Thought of buying my house from my Holding Co and setting aside portion of cash to pay rent over the years. Save on dividend payout and salary taxation while realizing principle resident rule now instead of the estate settlement. Don't expect house to see much capital gain as we are in the hinterland of Northern Manitoba. Is this a decent idea?


----------



## Islenska (May 4, 2011)

Oops, meant sell my home to Holding Co----damn typewriter!


----------



## Fain (Oct 11, 2009)

i'm also interested in the answer


----------



## OptsyEagle (Nov 29, 2009)

I am sure there is some information you have left out here. Is it safe to assume that the money you want to use for the purchase, is currently inside the holding company, but you do not want to pay the tax involved to get it out.

If not for the above, I cannot see why you would want your holding company to pay tax on the rent it receives from you, and I think it is really early to assume that you will not have any capital gains taxes.


----------



## Cal (Jun 17, 2009)

Probably best to discuss your individual situation with your accountant.


----------



## Islenska (May 4, 2011)

Would have enough in Holdco to buy my house. Last year paid ~$23G in taxes for salaries the wife and I received but this year the accountant wants to go strictly dividend pay-out. It has a large dividend tax credit pool built up already so this idea was to cash in some gains via a different route. The Holdco would pay a higher tax on rental income but the rent amount should not be excessive----a hitch somewhere?


----------



## marina628 (Dec 14, 2010)

I copied and paste your post to my CGA ,her response ....He's nuts - one way ticket. Read what you will into that but I guess it is not a good idea


----------



## omegacanuck (Jun 16, 2011)

There's a few issues with this.

Firstly, when you operate on a non-arms length basis like this (you and your company are related and therefore not subject to normal profit motives), CRA will be more wary of any transactions between the two entities. The rent your company would charge you would have to be the same as if you were renting to an unrelated third party (ie, enough to cover all expenses, contingencies, plus some profit). If your neighbours house is the same as yours and rents for $1500 a month, no renting to yourself for $800.
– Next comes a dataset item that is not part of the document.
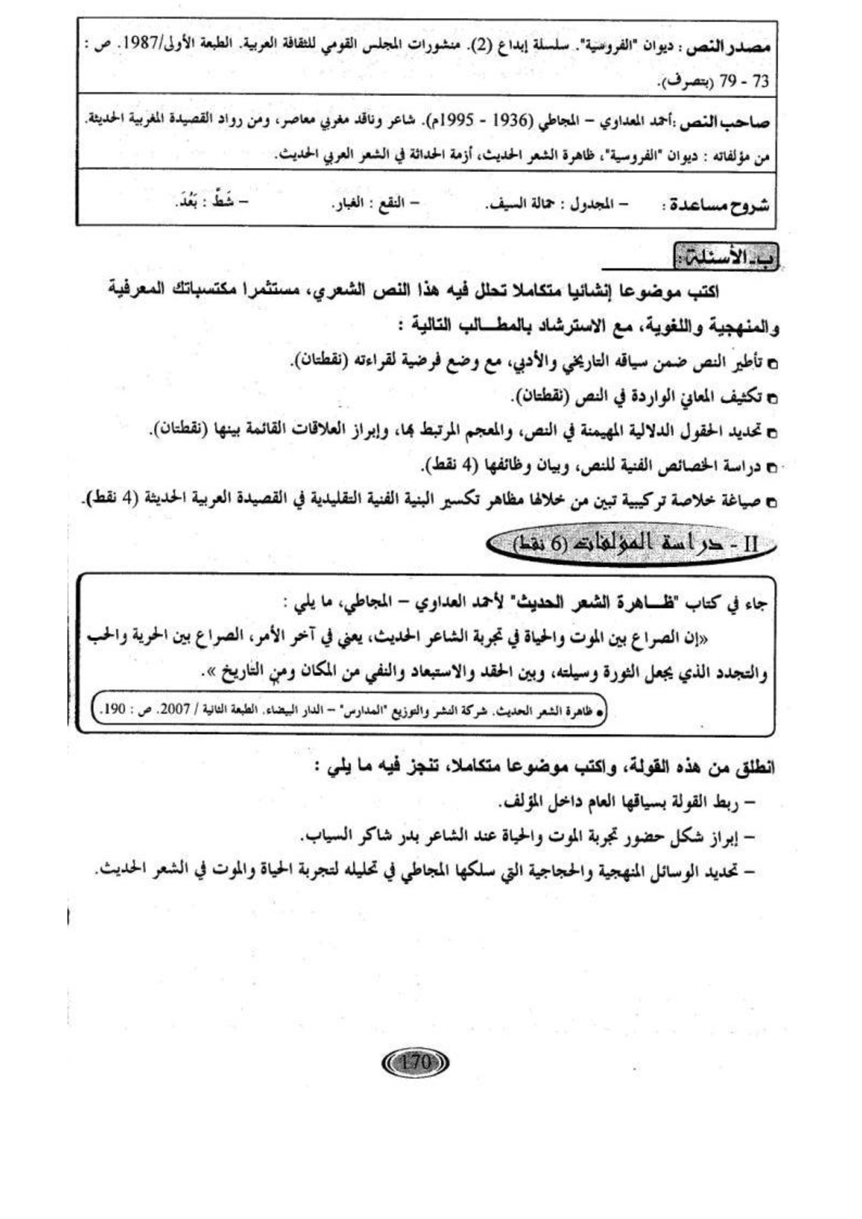 الفرض نموذج 3 - اللغة العربية ثانية باك آداب وعلوم إنسانية الدورة الثانية

The money the company makes on the rental is subject to a higher than normal rate of tax in the company. It's considered 'inactive' income and the rates on this can quickly get near 50% tax.

When you finally sell the property down the road, the company would have to pay capital gains tax on any increase in the property, whereas you would be eligible for the principal residence deduction.

The only way I can see that it would make sense is if you think housing is headed for a crash and you wanted to cash out of your house before it happened. Of course, if that's the case, you should just sell your house to a third party and rent, don't leave your company holding the bag.


----------



## Islenska (May 4, 2011)

Omeg--good points, probably not worth the effort to persue.

Marina-your accountant's succinct analysis bears introspection!


----------



## marina628 (Dec 14, 2010)

I pay her by the hour so glad she gets to the point lol.


----------